剑身透明,仿佛由最纯净的混沌气流凝聚而成,剑锋之处,空间自然呈现出被细微切割的扭曲波纹。
此剑一出,擂台内的肃杀之气骤增百倍!
“烟罗……剑域。”
绯烟尊者轻吟一声,手中烟罗剑微微一震。
“嗤嗤嗤!!!”
刹那间,无穷无尽的、细若牛毛、色如淡烟的剑气,自剑身迸发,如同决堤的星河,又似爆发的烟海,瞬间充斥了生死擂台的每一寸角落!

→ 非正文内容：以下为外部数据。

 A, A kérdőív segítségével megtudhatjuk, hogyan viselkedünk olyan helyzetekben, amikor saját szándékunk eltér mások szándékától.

剑气无处不在,无孔不入,它们并非简单的能量切割,更蕴含着一丝“烟霞”的缥缈与“寂灭”的真意。
仿佛能渗透物质,直抵本质,将触及的一切都化为最原始的、沉寂的“烟尘”!
剑气过处,季青刚刚以灼灵之火重聚的火焰之躯。
甚至连半个呼吸都没能坚持,便如同沙堡遇潮,无声无息地被亿万道细微剑气穿透、分解、绞杀成最细微的能量光点。
随即被后续的剑气彻底湮灭!
这已不是单纯的攻击,而是以无上剑意构筑的一方“灭绝领域”!
在此领域内,一切有形无形之物,皆要承受无穷无尽的、源自七阶神本源的“湮灭”剑气冲刷!

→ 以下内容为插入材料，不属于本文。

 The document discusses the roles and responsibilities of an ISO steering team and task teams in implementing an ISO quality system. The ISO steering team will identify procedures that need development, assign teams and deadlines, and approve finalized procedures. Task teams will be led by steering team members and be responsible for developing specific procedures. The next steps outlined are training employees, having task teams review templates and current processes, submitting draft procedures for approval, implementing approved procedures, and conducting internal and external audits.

然而,就在季青火焰身躯被剑气绞杀的同一时间,那弥漫擂台的暗红灼灵之火,非但没有熄灭。
反而如同被激怒般,火势猛然一涨!
无数火焰如同拥有生命,不再执着于凝聚形体,反而化作亿万条细小的火蛇,无视那凌厉的剑气切割。
前赴后继,顽固地缠绕向绯烟尊者,攀附上她的护体烟霞,甚至透过烟霞的缝隙,灼烧着她的神体!
“滋滋滋……”
令人牙酸的细微灼烧声再次响起。
绯烟尊者那晶莹如玉的肌肤上,出现了点点暗红色的火痕。
这些火痕并不深入,却如同跗骨之蛆,极难驱散。
它们灼烧的不仅是神体物质,更在持续不断地消耗着她的神力本源,侵蚀着她的精神意志,带来一种深入骨髓,直抵灵魂的刺痛与“被消融”感。

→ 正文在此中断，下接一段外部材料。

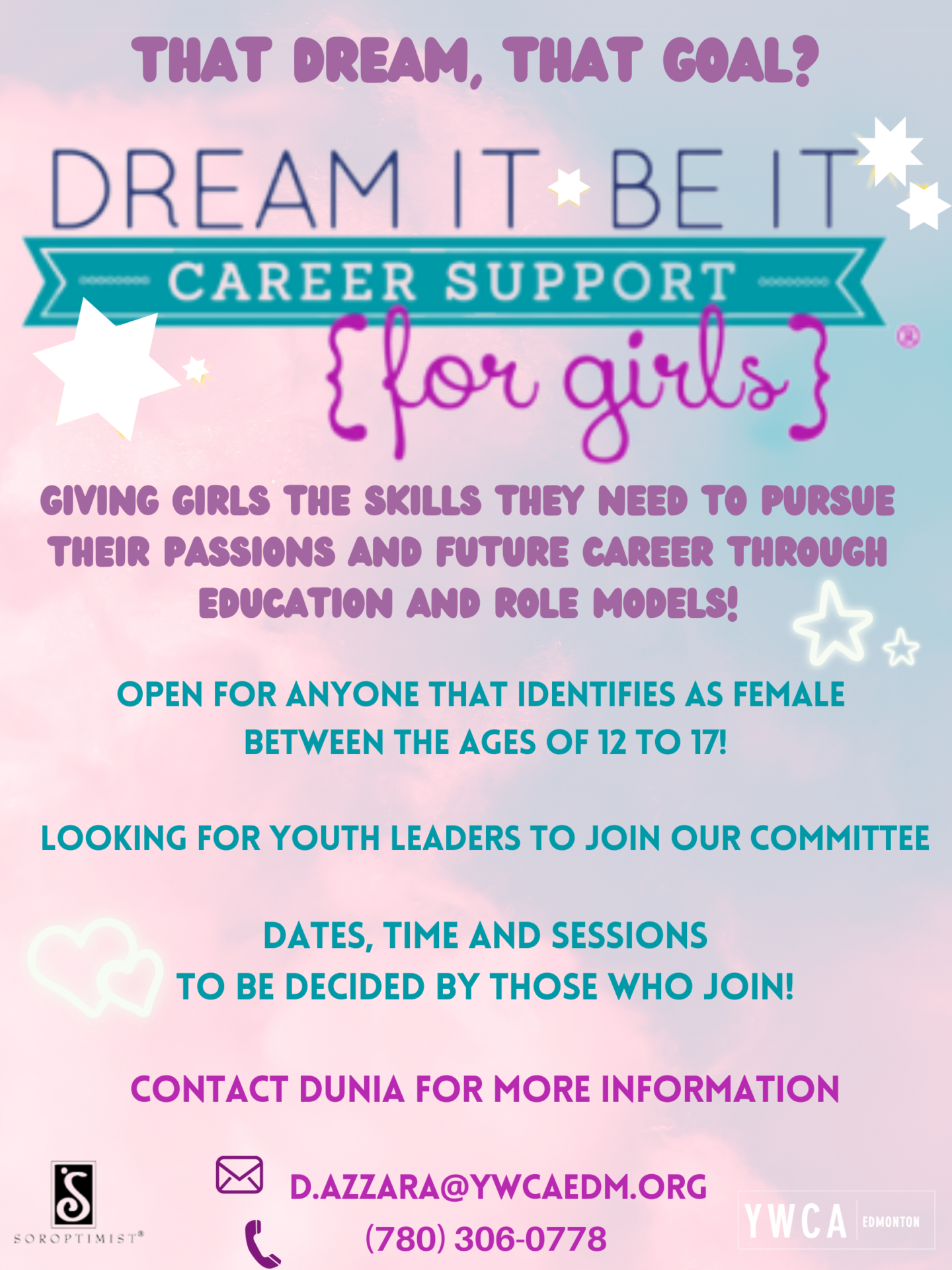 Dream It, Be It is a career-building program that aims to provide anyone who identifies as female (aged 12 to 17) with skills and values through direct and interactive work that will set them up for success in their future careers, whatever they may be. Dream It, Be It explores different career paths, connects girls to resources, mentors, and assistance to help girls find long-term success in their futures. Throughout seven sessions, participants will explore a variety of essential tools and factors for their future aspirations:

虽然以她七阶神的磅礴本源与恢复力,这些灼伤瞬间便可修复,神力消耗也远未到伤筋动骨的地步。
但这火焰如影随形,无法彻底摆脱,意味着她必须分出一部分心神与力量,时刻对抗、压制这诡异的灼烧!
这是一种持续性的消耗!一种逼迫她不得不进行“耐力比拼”的阳谋!
而这火焰不灭,便如同最醒目的标志,宣告着它的主人——季青,依旧“活着”,并以另一种形式,参与着这场战斗!
时间,在令人窒息的僵持中一点点流逝。
一个时辰、两个时辰、三个时辰……
擂台之外,无数观战者早已屏住了呼吸,眼睛都不敢眨一下。
他们亲眼目睹了绯烟尊者施展出种种惊世骇俗的七阶神通:剑域绞杀、烟霞封禁、法则震荡、甚至尝试以无上神念直接追溯季青可能存在的“意识核心”……
每一种手段,都足以轻易葬送一片星域的六阶神!
可结果呢?
那诡异的暗红火焰,始终未曾真正熄灭!
总是在被压制到极限、即将溃散时,又不知从何处汲取到力量,顽强地重新燃起,继续如跗骨之蛆般灼烧着绯烟尊者。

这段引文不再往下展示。